The phone rings again, shrill, insistent, echoing through the empty corridors of the building. Reaching for it, he pulls his hand back. It rings once more. Suddenly he’s aware of sweat on his forehead. His body feels clammy beneath his clothing.

Finally he picks up the receiver, but he doesn’t bring it immediately to his ear. Instead he holds it at arm’s length, only a few inches off the cradle, hearing then a man’s voice, very far off, repeating the word “Hello” over and over again.

“Hello,” Konig murmurs hesitantly into the phone.

“Hello.”

A pause follows, portentous and clumsy, in which both parties sit there listening to each other breath.

“Paul, it’s me.”

“Where are you?” Konig snaps, his heart starting to sink.

“Sheepshead Bay,” Haggard says gruffly. “I got Meacham—” Another interminable pause. “But I’m afraid—”

Konig doesn’t actually hear the rest of it but he knows what the detective is saying.

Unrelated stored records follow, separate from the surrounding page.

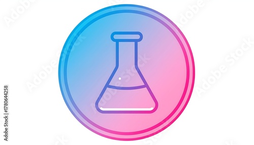 Icon of a lab flask with liquid inside, set in a gradient circle. Minimalist design with outline and fill
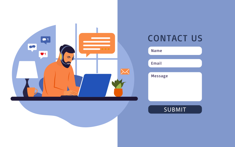 Contact forms are another effective way to encourage user interaction. Consider keeping it short by adding only the important fields and keeping it simple by using simple words, hints, and instructions, if needed.
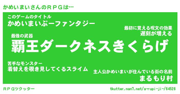 | ヒーロー風カッコイイあだ名 | 『スーパーカメイマイ』『天弓騎士カメ』 |
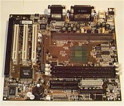 TomatoBoard BX98 — AT-системная плата на чипсете VIA Apollo Pro от печально известного производителя. Имеет 4 слота PCI, 3 — DIMM, 2 слота ISA, один из которых разделяемый, и слот AGP. Полный набор внешних частот 66, 75, 83, 100, 103, 112, 124 и 133 МГц доступен к установке через Setup BIOS. К сожалению, плата не продемонстрировала стабильную работу. Имелись проблемы с видеокартой на чипсете i740 и периодически случались зависания системы. В общем, я ничего другого от TomatoBoard не ожидал.
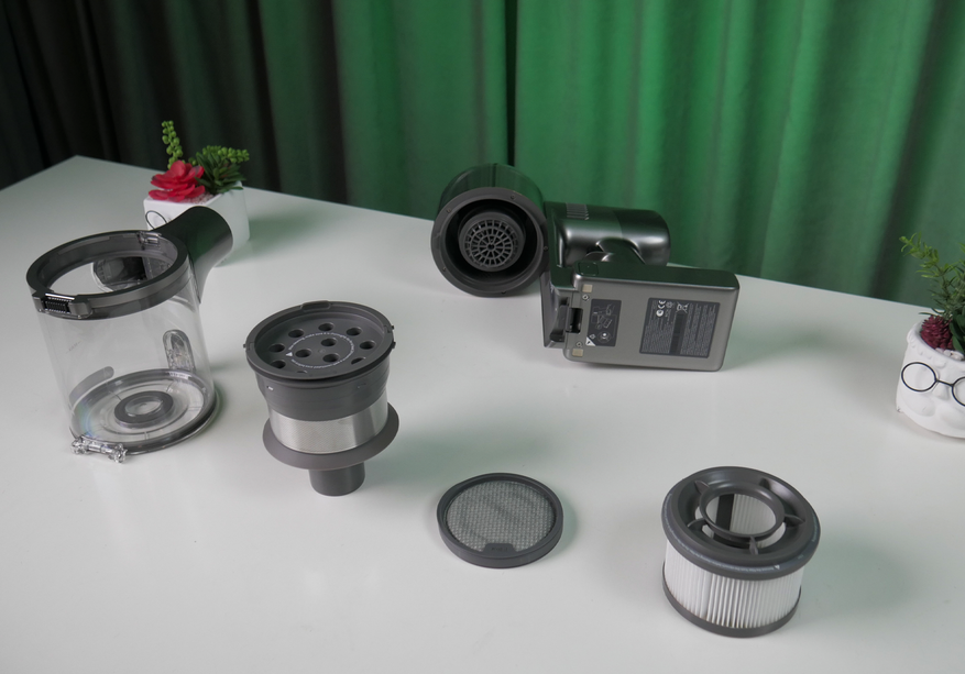 Пылесборник (600 мл) разборный, с 5-ступенчатой фильтрацией, включая микроциклоны и НЕРА-фильтр. Здесь всё по высшему классу (хотя класс самого НЕРА-фильтра остался неизвестен).

For a long time, it seems, neither man speaks. Konig merely sits there looking at the pile of opened letters on his desk, feeling nothing. It’s as if someone had just spoken to him in some old, lost tongue. It is information he cannot begin to comprehend. Then finally, clearing his throat, he speaks. “When?”

“Just before we got there. They waited for your bag of cash to arrive. Then they did it. Had no intention of ever freeing her. They were getting ready to dump her in the bay when we busted in.”

Nodding his head ever so slightly, Konig hunches over his desk while Haggard waits wordless at the other end for him to react. But there’s no reaction. No shrieks. No groans. Not even a choice obscenity hurled at the gods. “Bring her in” is all he can say. “Bring her in now.”